(Records for this task):
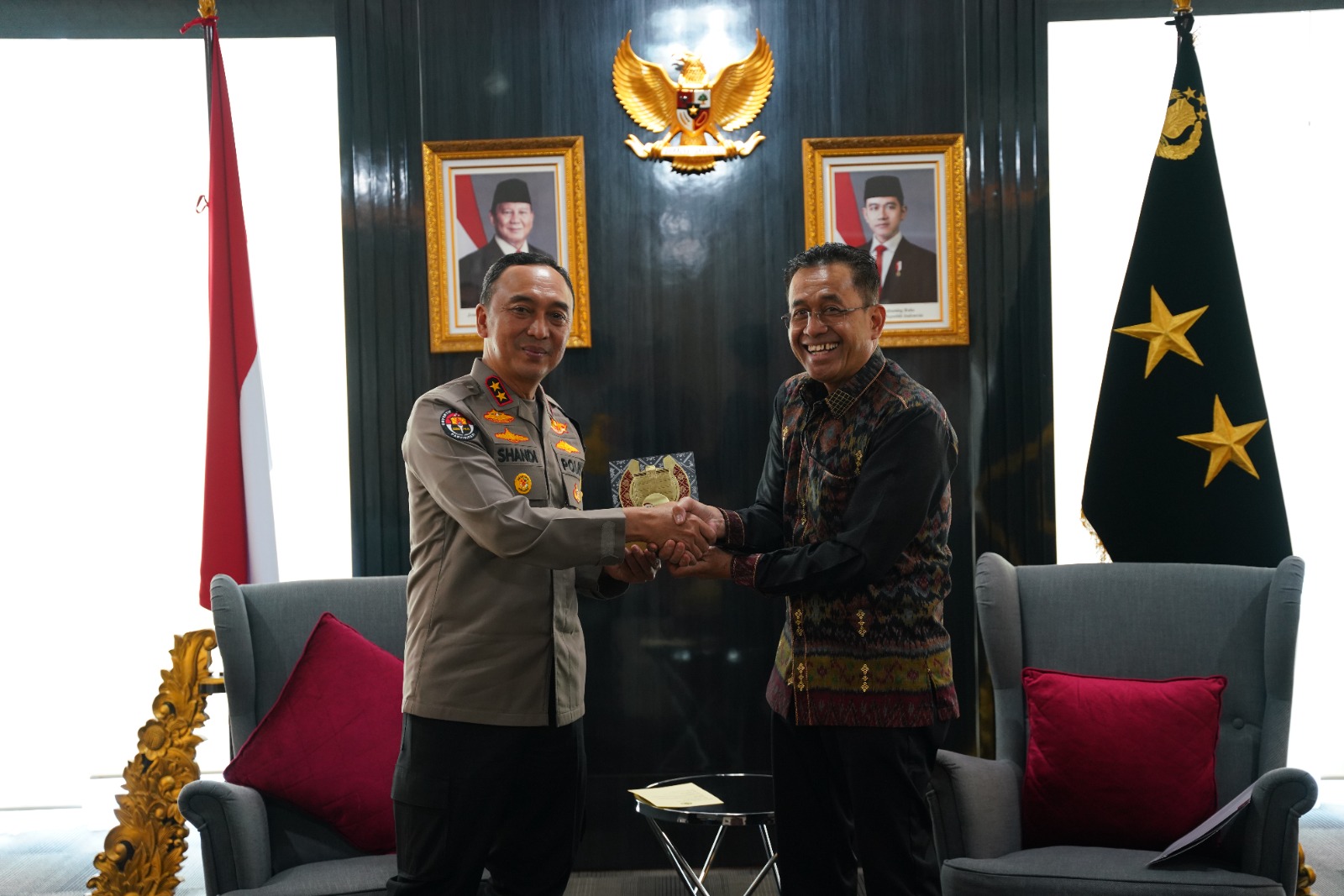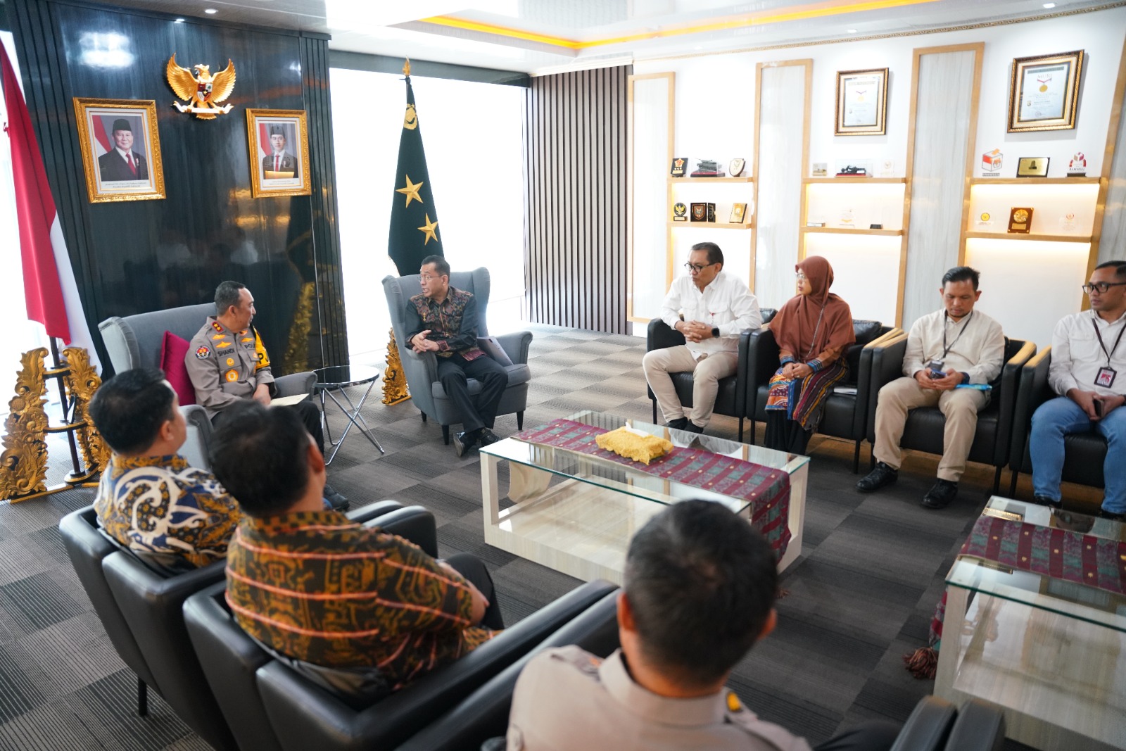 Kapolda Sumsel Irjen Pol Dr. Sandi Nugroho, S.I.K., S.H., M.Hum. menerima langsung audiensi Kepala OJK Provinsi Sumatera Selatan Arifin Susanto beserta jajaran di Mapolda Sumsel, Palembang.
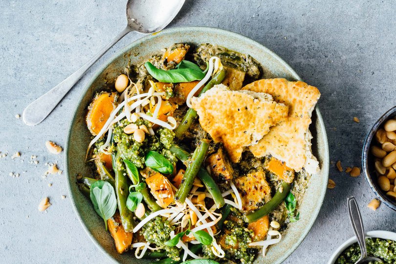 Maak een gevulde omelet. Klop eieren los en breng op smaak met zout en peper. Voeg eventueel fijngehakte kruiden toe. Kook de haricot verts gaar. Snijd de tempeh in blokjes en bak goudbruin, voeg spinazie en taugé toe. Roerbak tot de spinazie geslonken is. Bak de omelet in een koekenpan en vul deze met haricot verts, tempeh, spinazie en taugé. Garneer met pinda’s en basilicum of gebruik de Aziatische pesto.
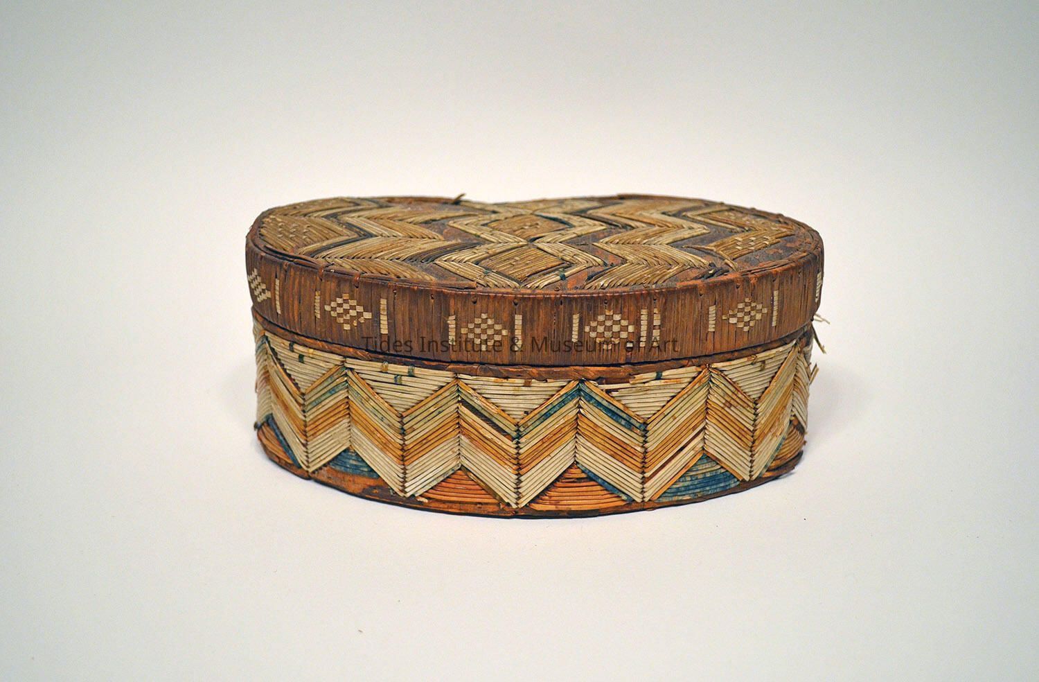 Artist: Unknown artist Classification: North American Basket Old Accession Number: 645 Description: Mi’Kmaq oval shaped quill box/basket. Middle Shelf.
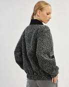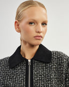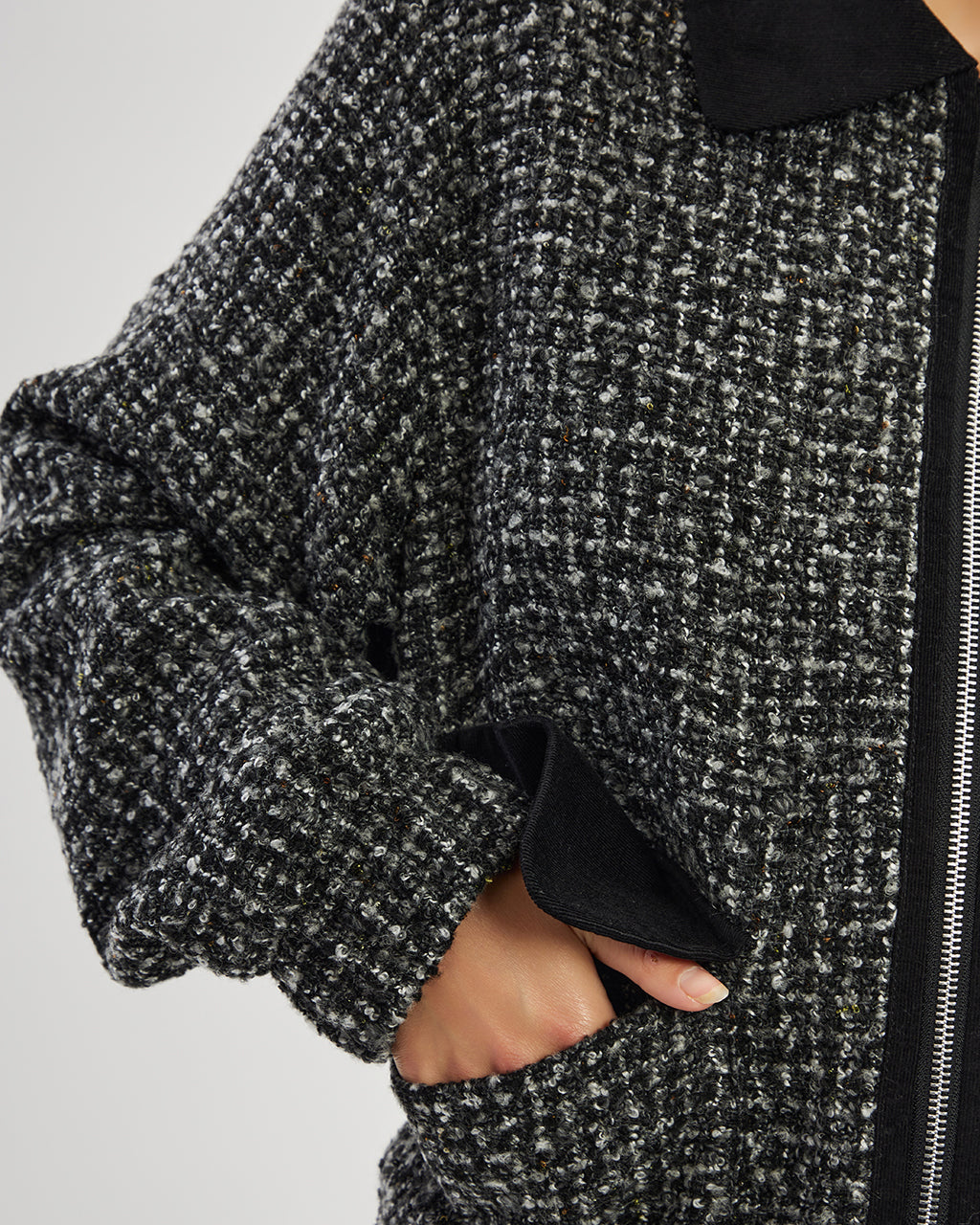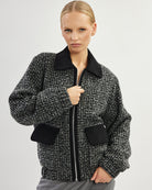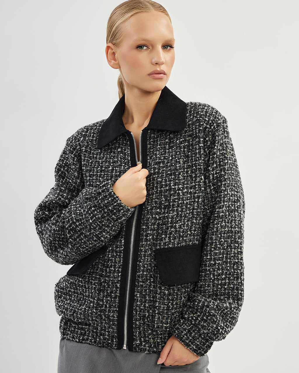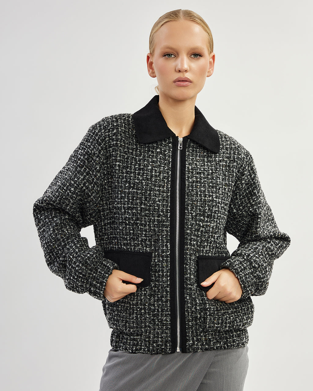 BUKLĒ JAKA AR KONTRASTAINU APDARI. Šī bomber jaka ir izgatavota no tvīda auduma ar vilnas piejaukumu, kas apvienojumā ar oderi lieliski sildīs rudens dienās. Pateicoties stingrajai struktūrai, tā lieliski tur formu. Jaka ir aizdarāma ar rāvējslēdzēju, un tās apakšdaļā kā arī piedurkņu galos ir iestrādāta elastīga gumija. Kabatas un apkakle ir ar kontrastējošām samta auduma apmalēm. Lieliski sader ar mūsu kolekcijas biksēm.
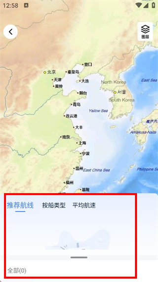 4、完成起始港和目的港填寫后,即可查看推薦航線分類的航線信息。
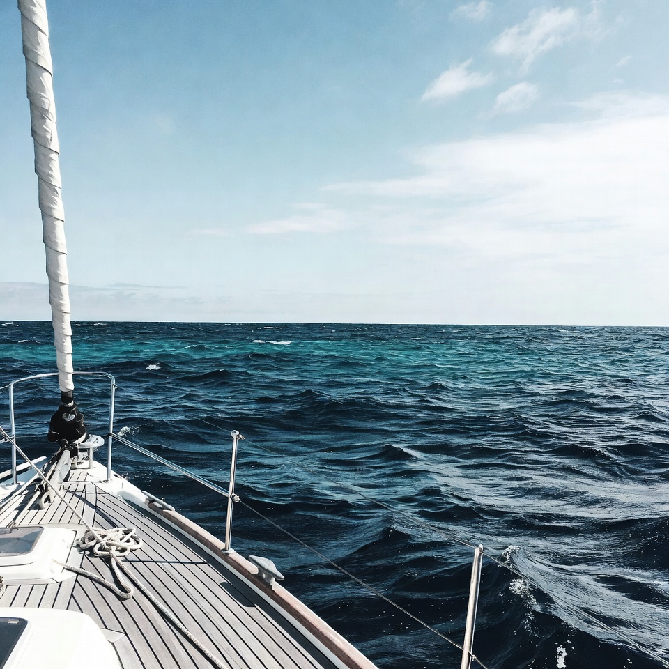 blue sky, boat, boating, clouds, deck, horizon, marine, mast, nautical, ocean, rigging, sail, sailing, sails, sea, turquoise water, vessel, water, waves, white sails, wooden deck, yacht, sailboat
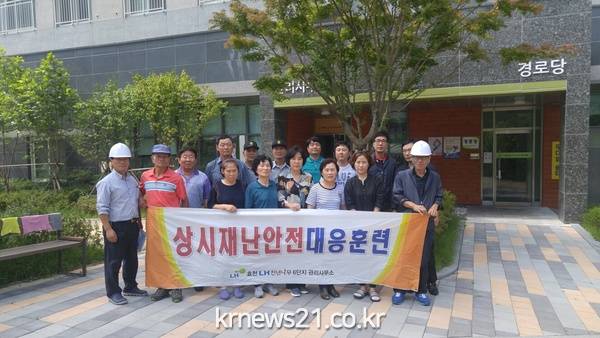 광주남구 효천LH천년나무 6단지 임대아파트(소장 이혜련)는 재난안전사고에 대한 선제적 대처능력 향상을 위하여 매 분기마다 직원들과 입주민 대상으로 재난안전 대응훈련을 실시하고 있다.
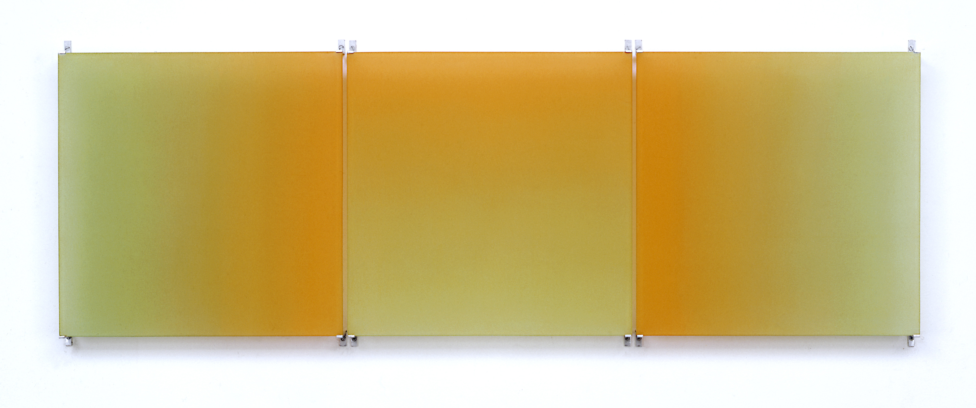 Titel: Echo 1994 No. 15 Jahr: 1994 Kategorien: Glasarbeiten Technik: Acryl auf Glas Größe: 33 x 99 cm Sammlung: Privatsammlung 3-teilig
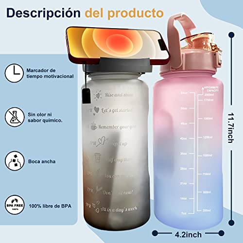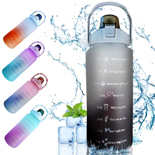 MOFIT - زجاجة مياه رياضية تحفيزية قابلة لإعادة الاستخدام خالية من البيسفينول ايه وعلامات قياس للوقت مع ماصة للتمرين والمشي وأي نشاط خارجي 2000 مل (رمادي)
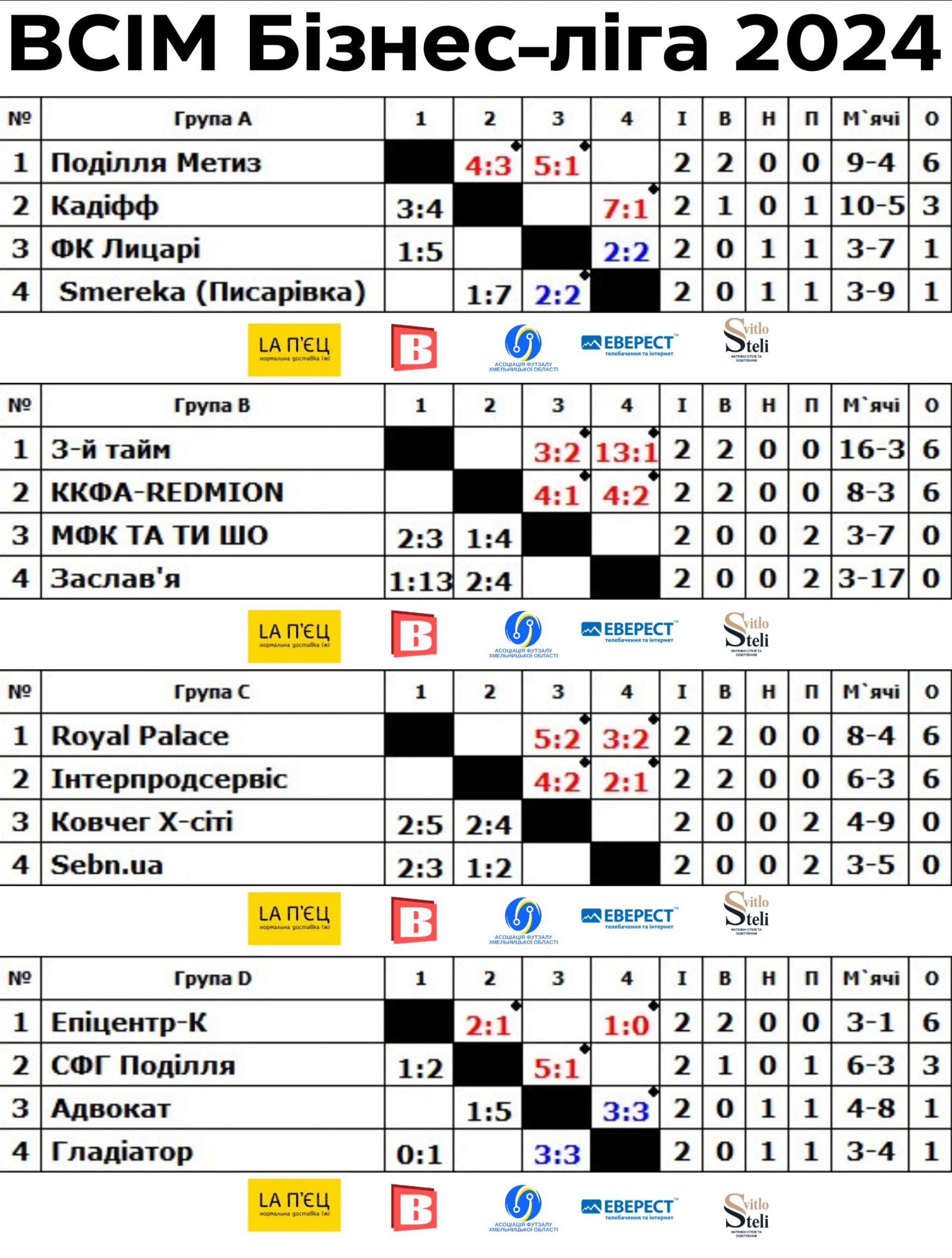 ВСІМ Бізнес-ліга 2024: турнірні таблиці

(Activity):
Please retype all the entries word for word, omitting the pictures.

(Answer):
 Kapolda Sumsel Irjen Pol Dr. Sandi Nugroho, S.I.K., S.H., M.Hum. menerima langsung audiensi Kepala OJK Provinsi Sumatera Selatan Arifin Susanto beserta jajaran di Mapolda Sumsel, Palembang.
 Maak een gevulde omelet. Klop eieren los en breng op smaak met zout en peper. Voeg eventueel fijngehakte kruiden toe. Kook de haricot verts gaar. Snijd de tempeh in blokjes en bak goudbruin, voeg spinazie en taugé toe. Roerbak tot de spinazie geslonken is. Bak de omelet in een koekenpan en vul deze met haricot verts, tempeh, spinazie en taugé. Garneer met pinda’s en basilicum of gebruik de Aziatische pesto.
 Artist: Unknown artist Classification: North American Basket Old Accession Number: 645 Description: Mi’Kmaq oval shaped quill box/basket. Middle Shelf.
 BUKLĒ JAKA AR KONTRASTAINU APDARI. Šī bomber jaka ir izgatavota no tvīda auduma ar vilnas piejaukumu, kas apvienojumā ar oderi lieliski sildīs rudens dienās. Pateicoties stingrajai struktūrai, tā lieliski tur formu. Jaka ir aizdarāma ar rāvējslēdzēju, un tās apakšdaļā kā arī piedurkņu galos ir iestrādāta elastīga gumija. Kabatas un apkakle ir ar kontrastējošām samta auduma apmalēm. Lieliski sader ar mūsu kolekcijas biksēm.
 4、完成起始港和目的港填寫后,即可查看推薦航線分類的航線信息。
 blue sky, boat, boating, clouds, deck, horizon, marine, mast, nautical, ocean, rigging, sail, sailing, sails, sea, turquoise water, vessel, water, waves, white sails, wooden deck, yacht, sailboat
 광주남구 효천LH천년나무 6단지 임대아파트(소장 이혜련)는 재난안전사고에 대한 선제적 대처능력 향상을 위하여 매 분기마다 직원들과 입주민 대상으로 재난안전 대응훈련을 실시하고 있다.
 Titel: Echo 1994 No. 15 Jahr: 1994 Kategorien: Glasarbeiten Technik: Acryl auf Glas Größe: 33 x 99 cm Sammlung: Privatsammlung 3-teilig
 MOFIT - زجاجة مياه رياضية تحفيزية قابلة لإعادة الاستخدام خالية من البيسفينول ايه وعلامات قياس للوقت مع ماصة للتمرين والمشي وأي نشاط خارجي 2000 مل (رمادي)
 ВСІМ Бізнес-ліга 2024: турнірні таблиці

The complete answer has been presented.